The instant offenses were committed at Naval Air Station, Patuxent River, Maryland, on 17 November 1981. The victim was a female sailor who was making rounds while standing watch duty. Appellant, knowing that she would be on watch that' night, decided to lie in wait and rape her while at a remote station during her rounds. He fashioned a mask from a knit scarf to preclude identification, confronted her, and, brandishing a knife, threatened to kill her if she screamed. Appellant then touched the victim in the vaginal area and forced her to touch his penis. His attempt to rape her was frustrated because she was wearing a tampon.
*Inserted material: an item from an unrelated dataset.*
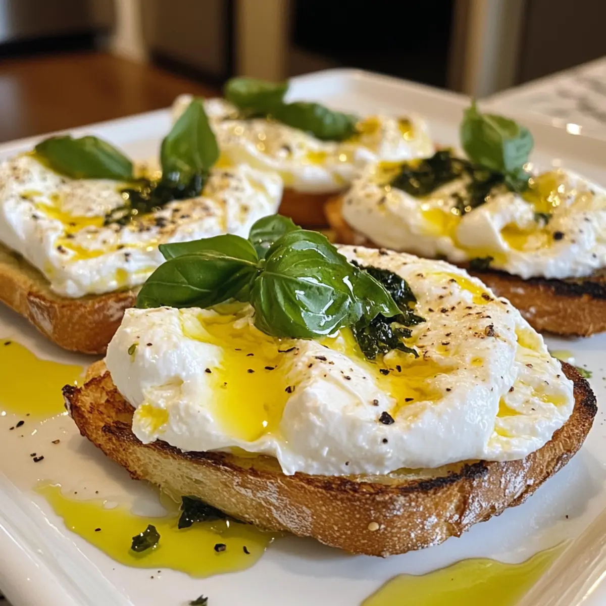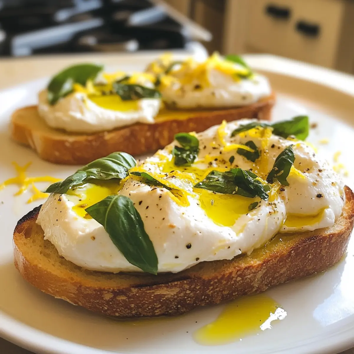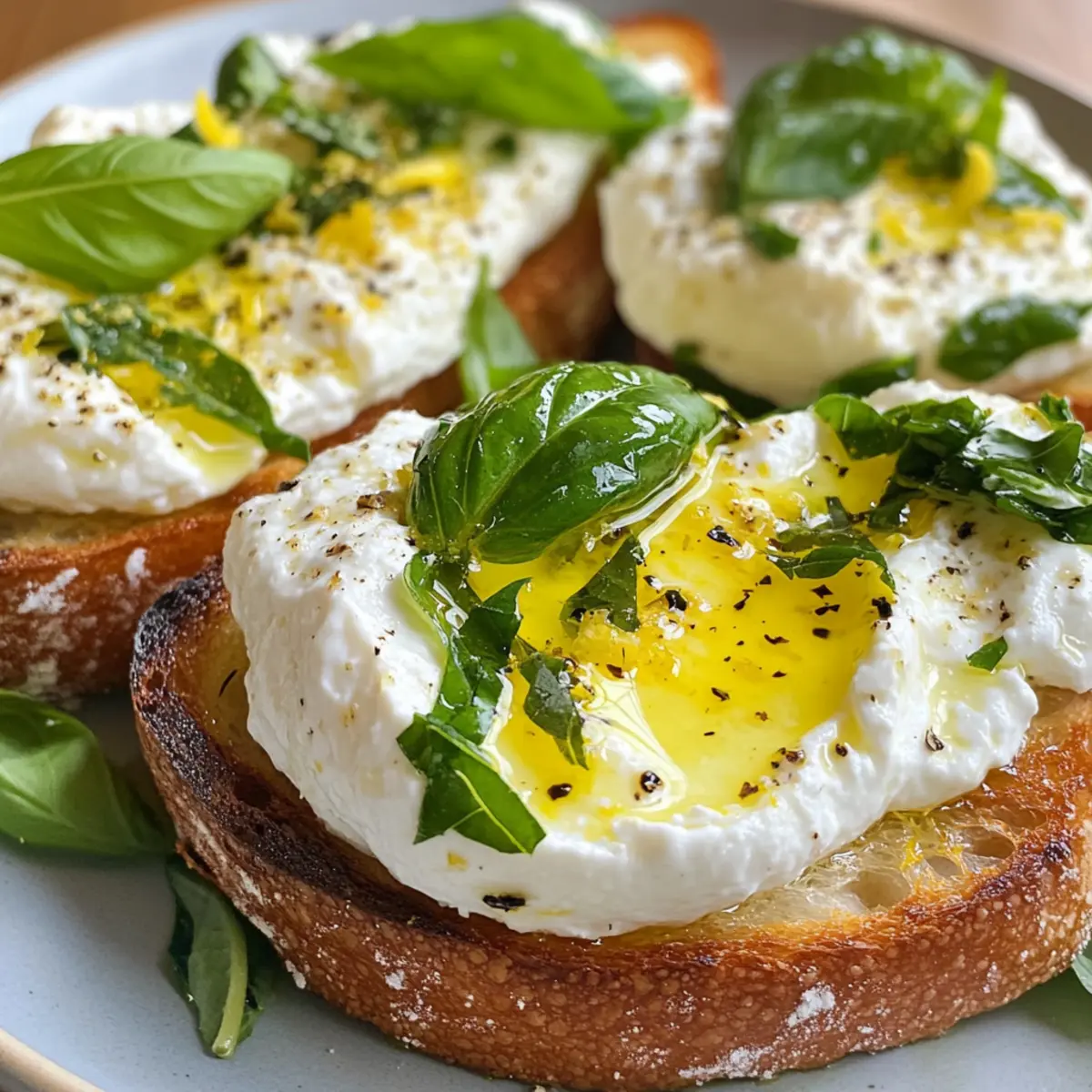 As I stood in my kitchen, the aromatic scent of fresh basil wafted through the air, instantly transporting me to sun-drenched Italian summers. My newest obsession? Basil + Lemon Burrata with Ciabatta Toasts—a simple, yet show-stopping appetizer that’s ready in just 10 minutes. With its creamy burrata paired with vibrant lemon zest and fresh basil, this dish brings an exciting twist to traditional Italian fare. It’s not only a crowd-pleaser but also a perfect companion for any gathering, whether you’re sipping wine with friends or hosting a casual dinner party. Plus, it’s an incredible way to enjoy a deliciously homemade treat without spending hours in the kitchen. How about we dive into this delightful recipe together and elevate our appetizer game? Why is this appetizer so captivating? Quick Preparation: Whip this up in just 10 minutes, making it an ideal choice for spontaneous gatherings and busy nights. Luscious Flavor: The creamy burrata combined with tangy lemon and aromatic basil creates a flavor explosion that’s both fresh and indulgent. Elegant Presentation: Gorgeous golden ciabatta toasts topped with a vibrant spread make this dish a visual delight—perfect for impressing your guests! Versatile Pairing: This appetizer pairs beautifully with wines like Pinot Grigio or refreshing cocktails, enhancing your entertaining experience. Homemade Touch: Enjoy a gourmet experience without the fuss of complicated recipes; just indulge in this delightful twist on classic Italian flavors. For more easy, crowd-pleasing ideas, check out my recipe for Fried Burrata Spicy and Loaded Baked Dinner. Basil + Lemon Burrata Ingredients • Bring the taste of Italy into your kitchen with these simple yet outstanding ingredients. For the Burrata Mixture Buffalo Burrata – Offers a creamy texture that creates a gooey, luxurious center. (Substitution: Fresh mozzarella can be used for a firmer alternative.) Fresh Basil – Provides aromatic green notes that brighten the dish. (Substitution: Other herbs like parsley may be used for a different flavor.) Lemon Zest – Imparts a bright acidity that elevates all flavors in this Basil + Lemon Burrata. (Tip: Use a microplane for an effortless zest.) Garlic – Adds depth and a hint of sharpness, enhancing the overall flavor. (Substitution: Garlic powder can be a mild substitute; reduce the amount.) Crushed Red Pepper Flakes – Introduces a gentle spice to balance the creaminess of the burrata. (Adjust to your taste preference for kick.) Kosher or Flaky Sea Salt – Essential for seasoning and amplifying your dish’s flavors. (No substitution necessary.) Olive Oil – Adds richness and moisture; perfect for drizzling and mixing. (Tip: Opt for high-quality extra virgin olive oil for the best taste.) For the Toasts Ciabatta or Baguette – The crunchy base for your burrata; offers a savory vehicle for toppings. (Tip: Baguette can be used, sliced thinly for optimal toasting.) Now that you have these essential ingredients ready, you’re just a few steps away from creating this stunning appetizer that is sure to impress! Step‑by‑Step Instructions for Basil + Lemon Burrata with Ciabatta Toasts Step 1: Preheat the Oven Begin by preheating your oven to 350°F (175°C). This temperature is perfect for achieving those crisp, golden ciabatta toasts that will serve as the delightful base for your Basil + Lemon Burrata. Ensure the oven is fully heated before proceeding to the next step for optimal toasting. Step 2: Prepare the Burrata While the oven heats, take your burrata out of the refrigerator and place it in a shallow serving bowl. Allow it to come to room temperature for about 10 minutes, enhancing its creamy texture and flavor. This will make the burrata even more indulgent when paired with fresh toppings later. Step 3: Make the Basil-Lemon Mixture In a small mixing bowl, combine chopped fresh basil, lemon zest, minced garlic, and a tablespoon of olive oil. Sprinkle in some crushed red pepper flakes and kosher salt to taste. Let this vibrant mixture sit for about 5 minutes, allowing the flavors to meld beautifully for the perfect topping for your burrata. Step 4: Prepare the Ciabatta Slice the ciabatta or baguette into thin pieces, about half an inch thick. Arrange them in a single layer on a sheet pan, taking care not to crowd them. Brush the tops generously with olive oil, ensuring each slice is well-coated for that delicious crispness once toasted. Step 5: Toast the Ciabatta Place the prepared ciabatta slices in the preheated oven. Toast them for 4 to 6 minutes, or until they are golden brown and crispy. Keep a close eye on them to avoid burning, as oven times can vary. They should come out beautifully toasted, ready to hold the creamy burrata mixture. Step 6: Plate the Toasts Once the ciabatta toasts are golden and fragrant, remove them from the oven and arrange them on a serving platter. Allow them a moment to cool slightly, just enough so they can be topped without compromising the beautiful crunch they offer. Step 7: Assemble the Dish Spoon the basil-lemon mixture generously over the burrata in the serving bowl. Drizzle any remaining olive oil over the top, enhancing the richness of this exquisite dish. This step ensures your Basil + Lemon Burrata is not just delicious but visually stunning, perfect for presentation at your next gathering. Step 8: Serve with Joy Finally, cut into the burrata, letting its creamy center spill out enticingly. Serve immediately with the ciabatta toasts on the side, allowing everyone to scoop up that heavenly mixture. The combination of creamy burrata, zesty lemon, and crispy toasts makes this appetizer irresistible. Make Ahead Options Preparing Basil + Lemon Burrata with Ciabatta Toasts is a breeze, especially for busy home cooks! You can mix the basil-lemon topping up to 24 hours in advance. Simply combine the chopped basil, lemon zest, minced garlic, olive oil, crushed red pepper, and salt in a bowl, cover, and

Appellant’s argument that the specifications alleging assault with a dangerous weapon and communication of a threat are multiplicious for findings with the attempts ed rape offense is unfounded. In our opinion, this case is distinguishable from United States v. Hollimon, 16 M.J. 164 (C.M.A.1983), for the offenses contained in the challenged specifications are not “fairly embraced” within the factual allegations of the attempted rape offense. See United States v. DiBello, 17 M.J. 77, 80 (C.M.A.1983); United States v. Glover, 16 M.J. 397, 399 (C.M.A.1983). See generally United States v. Baker, 14 M.J. 361 (C.M.A.1983). As illustrated by the above factual scenario, appellant is not only guilty of attempted rape, but, in addition, he has committed *896several other offenses — including those appellant presently contends are multiplicious for findings — and has therefore been properly convicted thereof. The situation before us is not one where an accused has been charged with multiple offenses for purposes of contingencies of proof, see, e.g., United States v. Ruff, 16 M.J. 917 (N.M.C.M.R.1983), for, in this case, appellant has committed a series of separate and distinct offenses, albeit in a single episode of criminal behavior. We believe that the interests of society are best served by not arbitrarily expunging these offenses from appellant’s permanent record.

Accordingly, the findings and sentence as approved on review below are affirmed.